In conclusion, the proposed RYCO pipeline detects polyps in the AsuMayoDB with a precision of 88.6% and recall of 71.6% at a processing speed of 6.5 frames per second. The proposed method can accurately locate polyps in more frames and at a faster speed, compared to previous algorithms. In future, we intend to extend RYCO by working on a less computationally complex CNN architecture to achieve real-time processing speed, while maintaining a high sensitivity in accurately locating polyps. Moreover, back-to-back clinical study will be performed to evaluate the potential of increasing polyp detection rate as well as shortening withdrawal time. The algorithm will be useful to the emerging therapeutic wireless endoscopic capsules [38], or to integrate with classifier that judges whether a polyp should be resected or not [15]. A prospective randomized control trial can further verify the effectiveness of the proposed pipeline in assisting endoscopists to improve adenomatous detection rates or to decide whether a polyp should be resected or not during colonoscopy.

Acknowledgment

This project is supported in part by General Research Fund (GRF/14202417) and Innovation and Technology Fund (ITF/337/16FP).

Biography

Ruikai Zhang received the B.E degree in Biomedical Engineering from Shenzhen University, China in 2012, and M.E degree in Biomedical Engineering from Stony Brook University, New York, USA in 2014. He is currently a PhD candidate in the Department of Surgery, The Chinese University of Hong Kong. He was a visiting student to The University of North Carolina at Chapel Hill, Chapel Hill, NC, USA in 2017. His research interests include wearable and ingestible devices, endoscopic and health informatics.

Yali Zheng received the B.E. degree in Electronic Science and Technology from Beijing Jiaotong University in 2007, M. Phil. degree in Microelectronics and Solid States Electronics from Peking University in 2010, and Ph.D degree in Electronic Engineering from The Chinese University of Hong Kong (CUHK) in 2014. She is currently a postdoctoral fellow at Department of Surgery of CUHK.

She serves as a member of IEEE EMBS Technical Committee on Wearable Biomedical Sensors and Systems and also reviewer for a number of prestigious international journals, including the IEEE Transactions on Biomedical Engineering and IEEE Journal of Biomedical and Health Informatics. She has published over 10 SCI papers and received an h-index of 9. One of her first-author papers on “Unobtrusive Sensing and Wearable Devices for Health Informatics” has received enough citations to place it in the top 1% of the academic field of Engineering in ISI Web of Science during 2016–2018. Her current research interests include unobtrusive sensing, wearable and ingestible medical devices, and imaging informatics.

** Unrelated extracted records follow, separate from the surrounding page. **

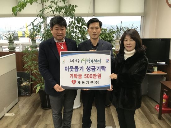 한편, 세용기전(주)은 매년 관내 어려운 이웃들을 위해 이웃돕기 성금·현물을 기탁하며 사랑의 나눔 문화를 실천하고 있는 기업이며 기탁금은 기탁자의 뜻에 따라 초월읍 관내 저소득계층에 생계비 등으로 지원될 예정이다.../신시열기자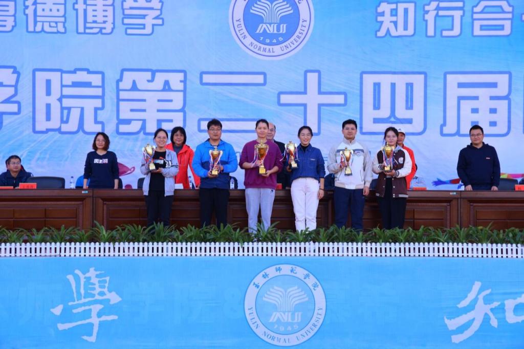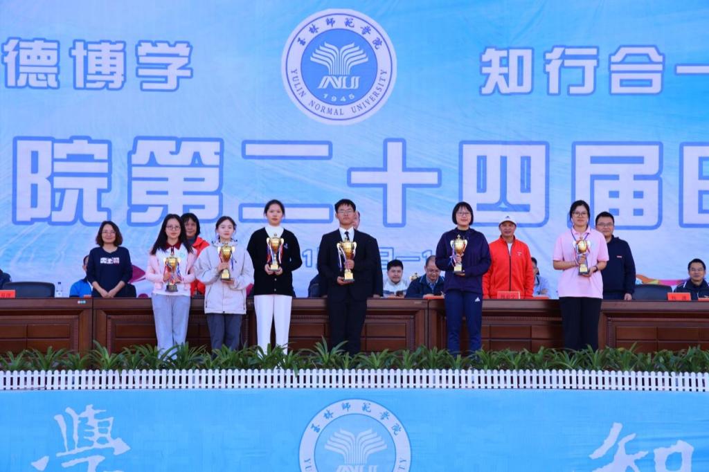 经过两天的奋勇拼搏,最终我院在教工组团体中,以总积分26分的成绩荣获第二名;在学生甲组团体中,以总积分241分荣获学生甲组第一名。本次运动会我院共在11个项目中摘夺桂冠,在20项目中取得前三名的好成绩,并获得优秀组织奖。
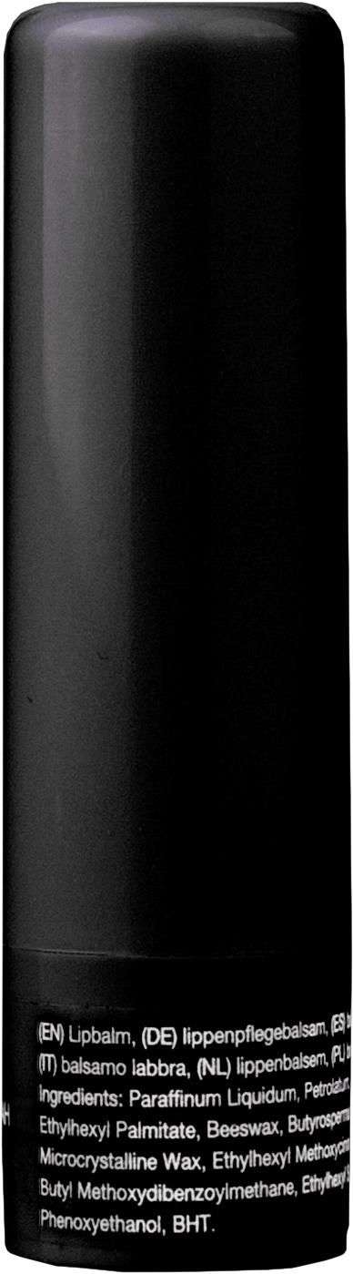 Balsamo per le labbra con protezione SPF 15, contenitore trasparente, i colori bianco, argento e nero hanno una finitura opaca.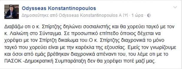Το σχόλιο του Οδυσσέα Κωνσταντινόπουλου στο Facebook για τις δηλώσεις Σπίρτζη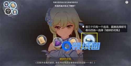 前三个只有一个选项,直接选择即可,最后四选一选择『破碎的花瓶』(右起第一个)。如下图。

Carmen CY Poon graduated from the Engineering Science (Biomedical) Program and obtained her master degree at University of Toronto. She completed her Ph.D. in Electronic Engineering at The Chinese University of Hong Kong, where she co-founded the Division of Biomedical Engineering Research at the Department of Surgery. She has published > 100 Scopus-indexed articles and received an h-index of 20. Her works have been collectively cited > 1920 times. Her research interests include wearable sensing and endoscopic informatics that have potential to change clinical practices.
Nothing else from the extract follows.